Task instructions
Down to the final line, print the records below exactly and without pictures.
━━━━━ Supplied material
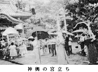 掃き浄められた坂道の参道を上りつめると、祭礼提燈などで飾られた御社頭に着く。境内の広場にダンジリが一台、「トン コチ ココチン トン ……」と祇園ばやしの太鼓の音が神奈備の森にこだましていた。かっては土佐町、西在、和食などからもダンジリが出て“音頭”や“ぶっつけけんか”で競いあったというが、今は小仁宇のダンジリがただ一つ、それも据えつけられたままだった。 お祭りの諸準備には“お当家”があたる。現在は小仁宇のみのお祭りとなり、氏子は全部で70戸(上小仁宇33戸・下小仁宇37戸)、それを六班に分けて当屋組を編成し、6年ごとに当屋をつとめるのだそうだ。 お昼ごろポツポツ隆り出した雨の中、氏子の人たちが三々五々神社に集まってくる。各々装束を着用したり、巡幸祭具の点検などを行ううちに祭典の時間がせまってくる。 午後1時、煙火の打ち上げを合図に例祭式がはじまる。修■・献饌・祝詞奏上・玉串奉奠などがあって、午後2時いよいよ神輿渡御に移った。
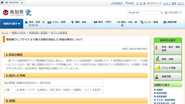 森づくり推進課がアジア航測株式会社に委託し、運営している登録制の「高知県スマート林業総合支援サイト」で公開したファイルの一部に個人情報を含むデータが掲載され、サイト利用のために登録されている事業者より一定期間(令和5年5月17日~8月24日)取得可能な状態となっていました。
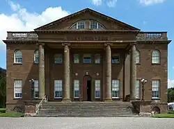The second Grade I listing includes Berrington Hall and its laundry, dairy and stable outbuildings surrounding the north-east courtyard. The hall is a neoclassical English country house dating to 1778 - 1781, designed by Henry Holland for Thomas Harley, a banker and Lord Mayor of London who had bought the Berrington estate in 1775. The building is of pink sandstone ashlar construction with a portico supported by Ionic columns. The present parkland was laid out by Capability Brown, which includes the 14 acres (5.7 ha) Berrington Pool lake and island. Berrington hall, listed in 1959, is a National Trust property.[36][37][38] The third Grade I building is Eye Manor, a 17th-century country house built for Ferdinando Gorges, which stands 30 yards (27 m) north-west from St Peter and St Paul's Church. The building is of red brick, two parallel roof ridges, and of two storeys with cellar and attics. The eastern front fascia has a central Doric portico entrance, and is of five bays with sash windows. Three roof dormer windows reflect the central three bays. Significant are the interior fixtures and fittings, particularly the ceilings in ornamental plaster-work hand modelled with naturalistic elements.[39][40]
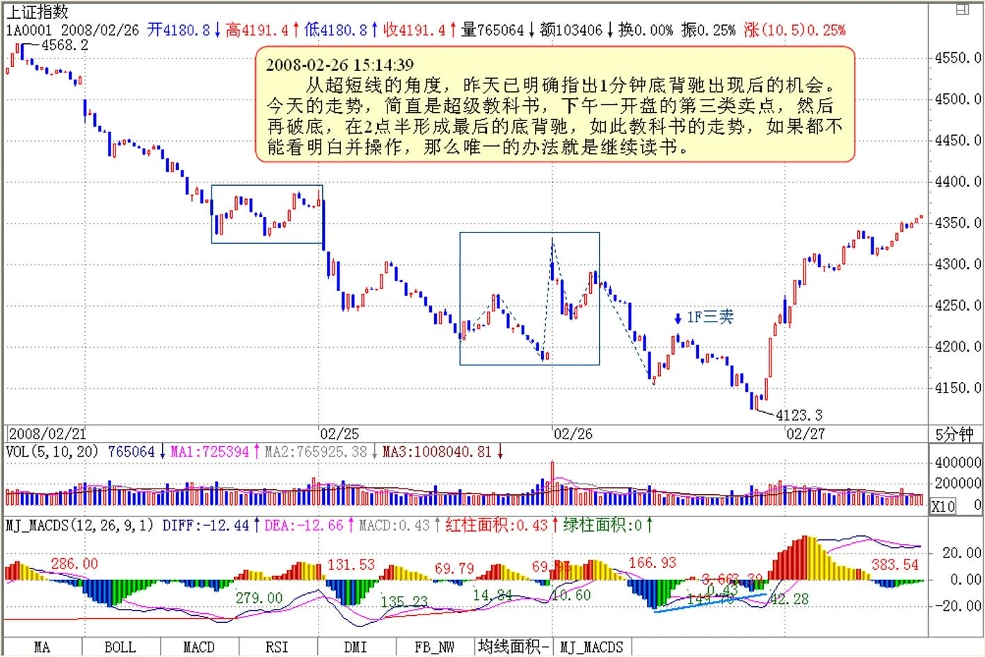 当然,从超短线的角度,昨天已明确指出1分钟底背驰出现后的机会。今天的走势,简直是超级教科书,下午一开盘的第三类卖点,然后再破底,在2点半形成最后的底背驰,如此教科书的走势,如果都不能看明白并操作,那么唯一的办法就是继续读书。
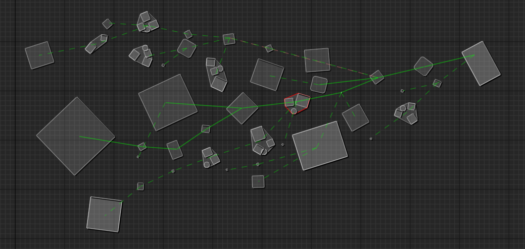 To start, we needed to define some rules that an algorithm can follow. One simple rule we needed was “elements shouldn’t overlap”, but we also wanted more complex constraints like “the respawn checkpoint should be 20-30m away from the final boss”.
━━━━━━━━━━
Result of the task
 掃き浄められた坂道の参道を上りつめると、祭礼提燈などで飾られた御社頭に着く。境内の広場にダンジリが一台、「トン コチ ココチン トン ……」と祇園ばやしの太鼓の音が神奈備の森にこだましていた。かっては土佐町、西在、和食などからもダンジリが出て“音頭”や“ぶっつけけんか”で競いあったというが、今は小仁宇のダンジリがただ一つ、それも据えつけられたままだった。 お祭りの諸準備には“お当家”があたる。現在は小仁宇のみのお祭りとなり、氏子は全部で70戸(上小仁宇33戸・下小仁宇37戸)、それを六班に分けて当屋組を編成し、6年ごとに当屋をつとめるのだそうだ。 お昼ごろポツポツ隆り出した雨の中、氏子の人たちが三々五々神社に集まってくる。各々装束を着用したり、巡幸祭具の点検などを行ううちに祭典の時間がせまってくる。 午後1時、煙火の打ち上げを合図に例祭式がはじまる。修■・献饌・祝詞奏上・玉串奉奠などがあって、午後2時いよいよ神輿渡御に移った。
 森づくり推進課がアジア航測株式会社に委託し、運営している登録制の「高知県スマート林業総合支援サイト」で公開したファイルの一部に個人情報を含むデータが掲載され、サイト利用のために登録されている事業者より一定期間(令和5年5月17日~8月24日)取得可能な状態となっていました。
The second Grade I listing includes Berrington Hall and its laundry, dairy and stable outbuildings surrounding the north-east courtyard. The hall is a neoclassical English country house dating to 1778 - 1781, designed by Henry Holland for Thomas Harley, a banker and Lord Mayor of London who had bought the Berrington estate in 1775. The building is of pink sandstone ashlar construction with a portico supported by Ionic columns. The present parkland was laid out by Capability Brown, which includes the 14 acres (5.7 ha) Berrington Pool lake and island. Berrington hall, listed in 1959, is a National Trust property.[36][37][38] The third Grade I building is Eye Manor, a 17th-century country house built for Ferdinando Gorges, which stands 30 yards (27 m) north-west from St Peter and St Paul's Church. The building is of red brick, two parallel roof ridges, and of two storeys with cellar and attics. The eastern front fascia has a central Doric portico entrance, and is of five bays with sash windows. Three roof dormer windows reflect the central three bays. Significant are the interior fixtures and fittings, particularly the ceilings in ornamental plaster-work hand modelled with naturalistic elements.[39][40]
 当然,从超短线的角度,昨天已明确指出1分钟底背驰出现后的机会。今天的走势,简直是超级教科书,下午一开盘的第三类卖点,然后再破底,在2点半形成最后的底背驰,如此教科书的走势,如果都不能看明白并操作,那么唯一的办法就是继续读书。
 To start, we needed to define some rules that an algorithm can follow. One simple rule we needed was “elements shouldn’t overlap”, but we also wanted more complex constraints like “the respawn checkpoint should be 20-30m away from the final boss”.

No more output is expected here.